* What is needed *
Once you find the line with "금속 와이어 주름 물결" in the data below, transcribe exactly each line from there to the line with "People visit a", inclusive, and nothing else. Drop the pictures.

[[ Given data open ]]

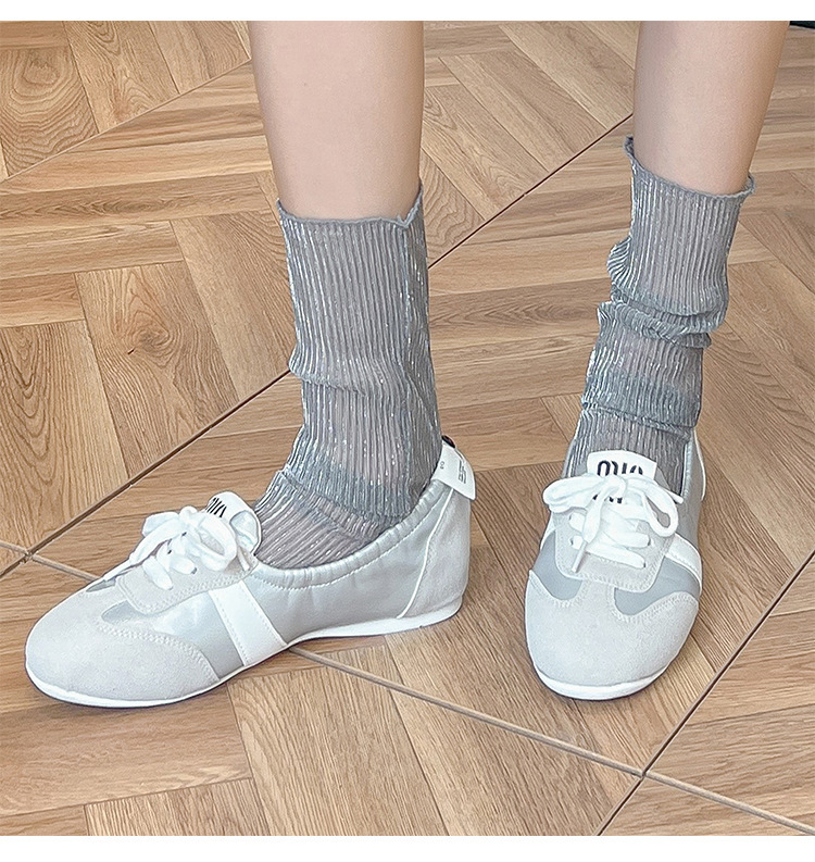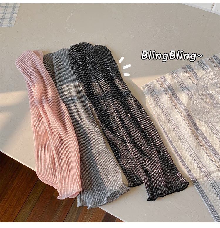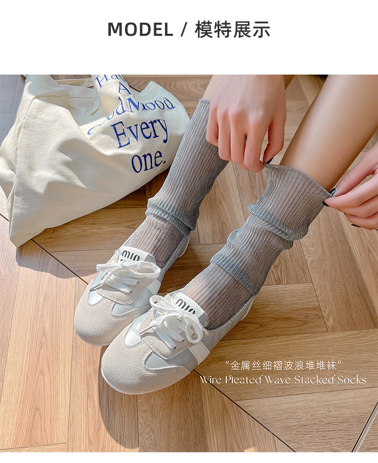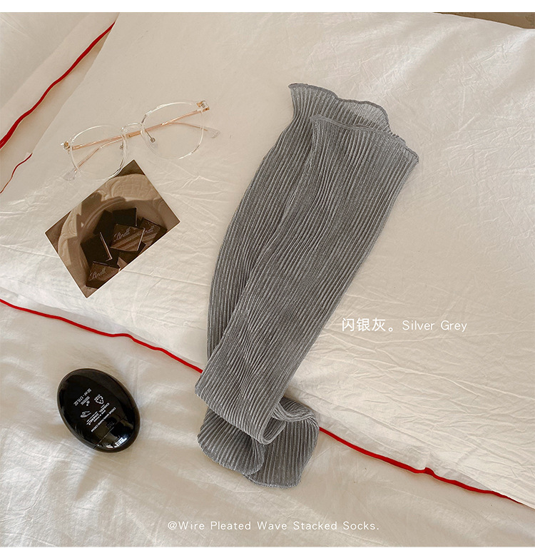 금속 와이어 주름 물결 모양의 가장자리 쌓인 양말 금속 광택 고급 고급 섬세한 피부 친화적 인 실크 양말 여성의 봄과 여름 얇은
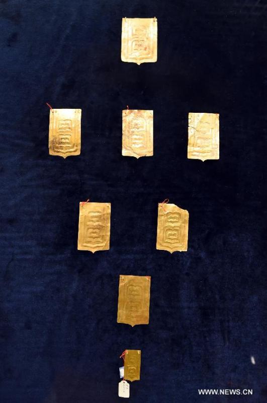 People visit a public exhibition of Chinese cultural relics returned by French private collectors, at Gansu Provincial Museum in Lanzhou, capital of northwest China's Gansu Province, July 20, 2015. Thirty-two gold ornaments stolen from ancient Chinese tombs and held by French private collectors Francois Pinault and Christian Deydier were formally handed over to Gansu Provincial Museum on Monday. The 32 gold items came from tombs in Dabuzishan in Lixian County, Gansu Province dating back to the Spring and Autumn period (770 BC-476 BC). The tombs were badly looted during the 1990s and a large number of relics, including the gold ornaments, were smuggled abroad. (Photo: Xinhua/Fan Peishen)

[[ Given data closed ]]
[[ Given data open ]]

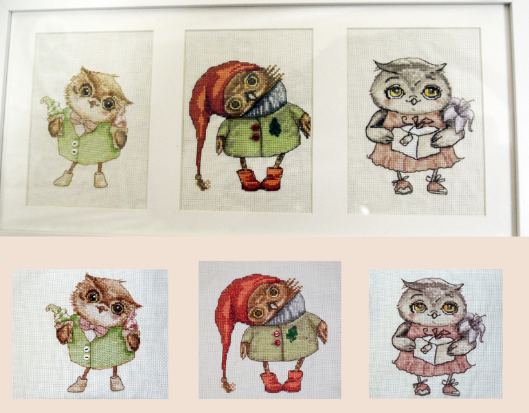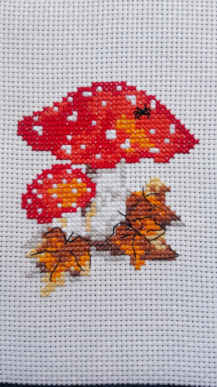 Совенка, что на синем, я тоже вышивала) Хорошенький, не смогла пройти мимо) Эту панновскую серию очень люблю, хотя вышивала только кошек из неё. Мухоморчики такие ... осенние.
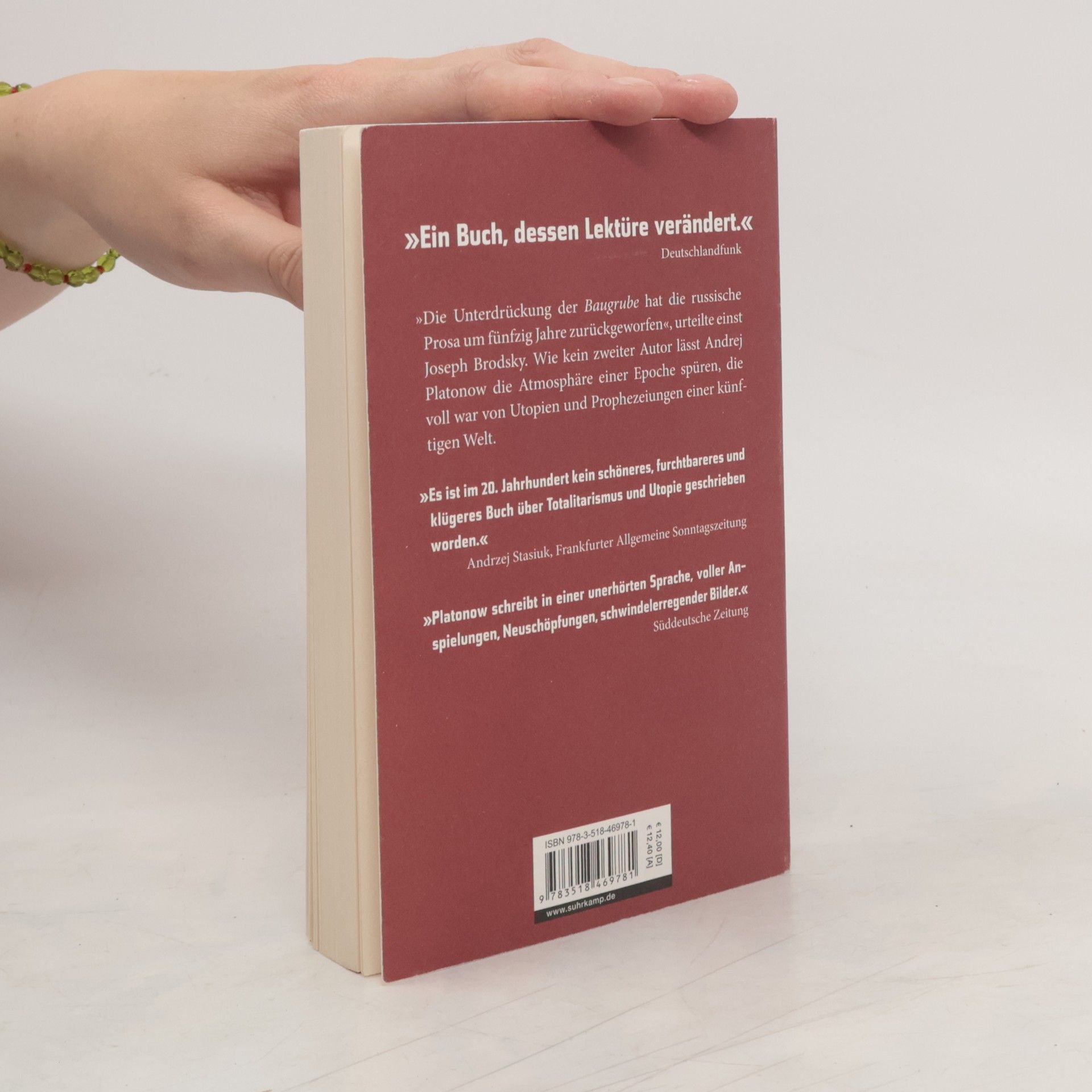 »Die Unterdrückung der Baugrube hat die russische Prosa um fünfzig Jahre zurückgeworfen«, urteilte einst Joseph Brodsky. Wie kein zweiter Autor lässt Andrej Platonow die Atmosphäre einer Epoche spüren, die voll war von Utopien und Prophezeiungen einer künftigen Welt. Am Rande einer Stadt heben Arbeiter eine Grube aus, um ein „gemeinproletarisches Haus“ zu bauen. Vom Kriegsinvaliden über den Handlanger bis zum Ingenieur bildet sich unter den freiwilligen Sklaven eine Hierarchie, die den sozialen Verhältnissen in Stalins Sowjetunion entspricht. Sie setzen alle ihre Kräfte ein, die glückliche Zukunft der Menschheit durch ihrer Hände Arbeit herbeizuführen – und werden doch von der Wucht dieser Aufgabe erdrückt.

[[ Given data closed ]]

* Output of the exercise *
 금속 와이어 주름 물결 모양의 가장자리 쌓인 양말 금속 광택 고급 고급 섬세한 피부 친화적 인 실크 양말 여성의 봄과 여름 얇은
 People visit a public exhibition of Chinese cultural relics returned by French private collectors, at Gansu Provincial Museum in Lanzhou, capital of northwest China's Gansu Province, July 20, 2015. Thirty-two gold ornaments stolen from ancient Chinese tombs and held by French private collectors Francois Pinault and Christian Deydier were formally handed over to Gansu Provincial Museum on Monday. The 32 gold items came from tombs in Dabuzishan in Lixian County, Gansu Province dating back to the Spring and Autumn period (770 BC-476 BC). The tombs were badly looted during the 1990s and a large number of relics, including the gold ornaments, were smuggled abroad. (Photo: Xinhua/Fan Peishen)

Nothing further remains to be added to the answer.